Как-то, месяц назад, возвращаясь из отряда, я заночевал у нашего правого соседа. Начальник заставы старший лейтенант Иванов, узнав, что я неплохо рисую (такие вещи на границе не скроешь, солдатский телефон работает четко), попросил наутро увековечить его персону на листе ватмана. Паша Иванов был не то чтобы тщеславным человеком, но почему-то очень уж любил фотографироваться и вообще позировать, принимая при этом самые героические «анфасы», при всем своем офицерском облачении и даже с биноклем на груди. Что поделаешь, у кого из нас нет слабостей? Потом все эти открытки и рисунки он отсылал многочисленным родственникам в Татарию. В этом, собственно, и заключался интерес ко мне со стороны Иванова. Отказать я ему не мог — не раз Паша по-соседски выручал нас с Рогозным лошадками, когда мы опешили в отряд, — и через пару часов портрет был готов. Паше он понравился. Как хрупкую фарфоровую вещицу, отнес он его домой, а мне в знак благодарности позволил выбрать любую пластинку из его богатой личной коллекции. Он настолько расчувствовался, что даже предложил мне свои любимые «Валенки» в исполнении Руслановой. Доброта его воистину не знала границ. К его огромному изумлению, от «Валенок» я наотрез отказался, а взял «Голубой прелюд» Людвиковского.
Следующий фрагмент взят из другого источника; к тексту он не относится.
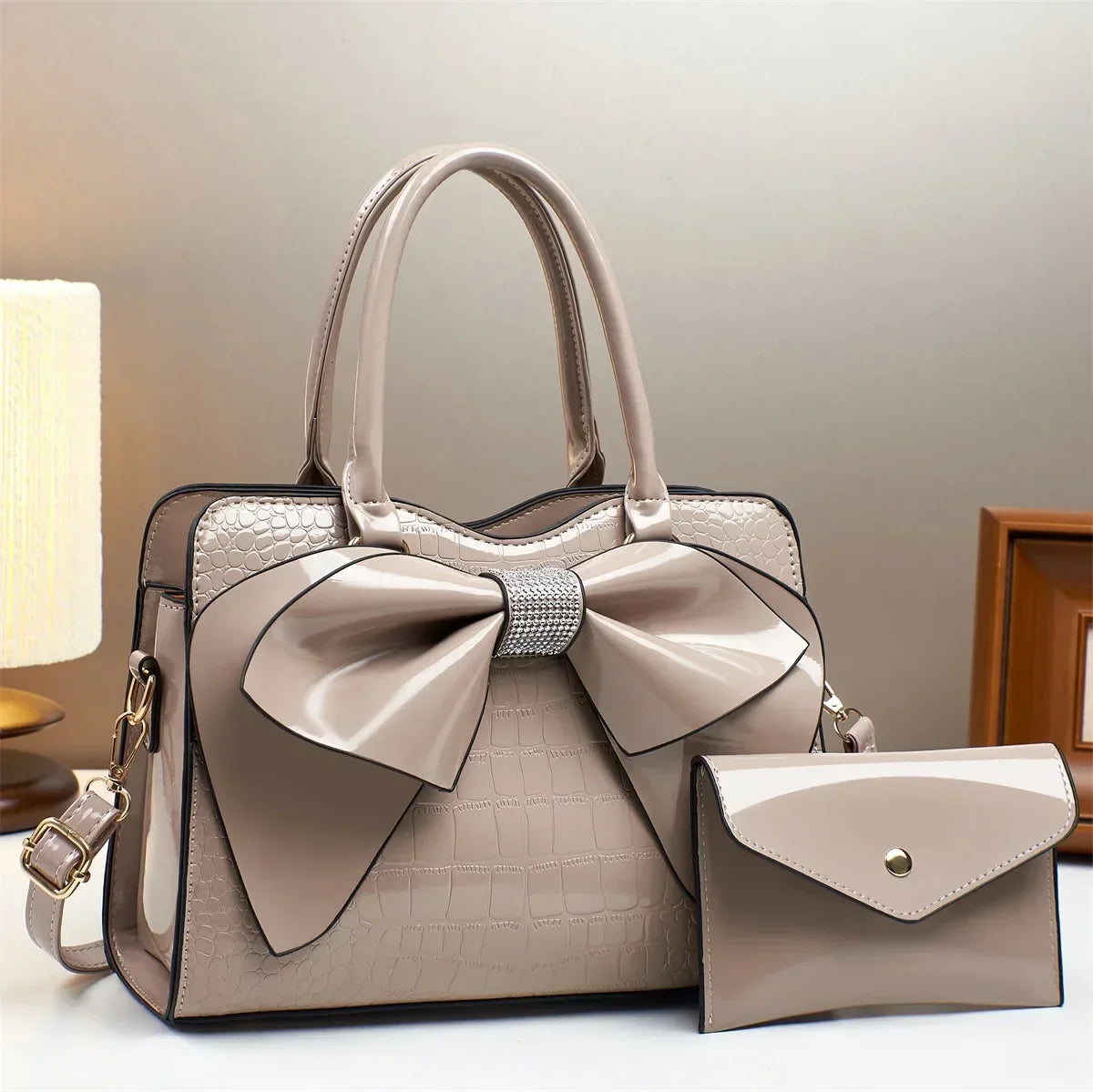 Zaprojektowany z polerowanej skóry i naszym charakterystycznym detalem Bella Bow, ten zestaw torebek łączy urok z codzienną funkcjonalnością. Przestronna torba w zestawie z pasującą kopertówką ma miękką podszewkę i zamknięte kieszenie, które pomogą utrzymać Twoje najważniejsze rzeczy w porządku i bezpiecznie w stylu.
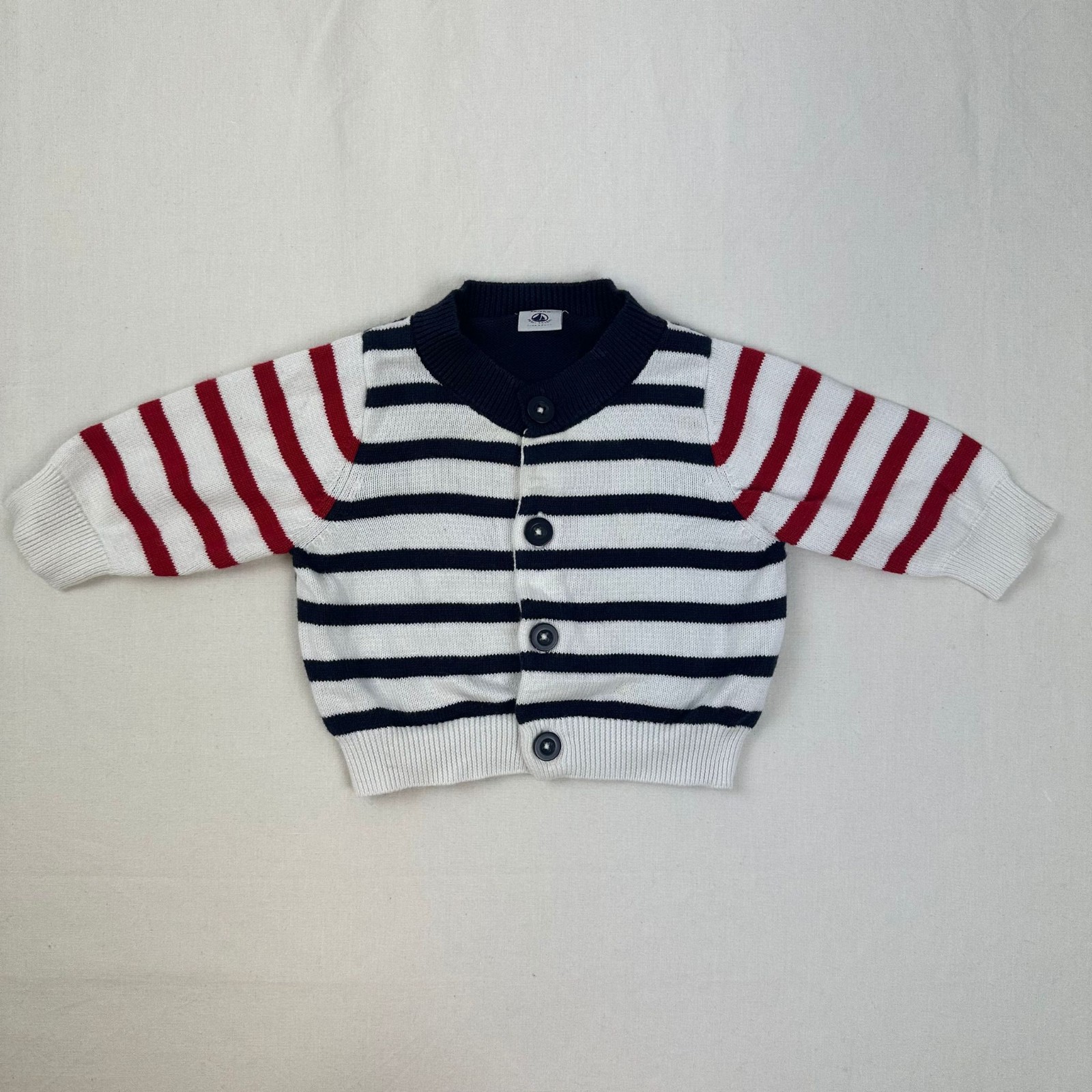 Autres commentaires : Gilet manches longues blanc avec rayures rouge et bleu foncé avec une fermeture devant par boutons. Petit défaut: petite tâche jaune sur la devanture à gauche du gilet.Niveau réduit de fraise à myrtille.

Весь долгий путь до своей заставы я чувствовал за плечами в вещмешке этот драгоценный груз и уже предвкушал, с каким удовольствием воспримут ребята на «Казбеке» хорошую музыку. И надо же было такому случиться, что, уже перевалив «Шпиль», в двух шагах, как говорится, от дома, когда самое трудное было уже позади, лыжи мои вдруг разъехались и я хлопнулся на спину. Все во мне внутри похолодело. Честно говоря, я пережил одну из самых больших трагедий в своей жизни. Молча, понуря голову, я добрел до заставы. Как всегда, нас, конечно, встречали. Еще на ходу подхватили рюкзак с долгожданной почтой и две бобины с новым фильмом. А я, не задерживаясь, ушел в канцелярию.
Уже вечером, после ужина, стал развязывать свой вещмешок, и — о чудо! — пластинка, Пашин дар, оказалась цела и невредима. До глубокой ночи гоняли мы наш старенький патефон (радиолой еще не обзавелись), вновь и вновь вслушиваясь в высокий и чистый голос трубы…
У нас уже весна. Правда, еще лежит снег и бухта не освободилась ото льда, но все равно приметы ее ощутимо проявлялись в природе. Сегодня ночью с оглушительным треском в бухте ломало лед. Разбуженные этой канонадой, мы выскочили во двор. Что там снова припасла для нас природа — землетрясение, цунами, светопреставление? Днем солнце припекает так, что на стрельбище на брустверах наших блиндажей уже заржавели первые проплешины. А вечерами едва уловимые запахи оттаявшей земли сочатся сквозь снежные поры, и от этого эликсира жизни кружится голова…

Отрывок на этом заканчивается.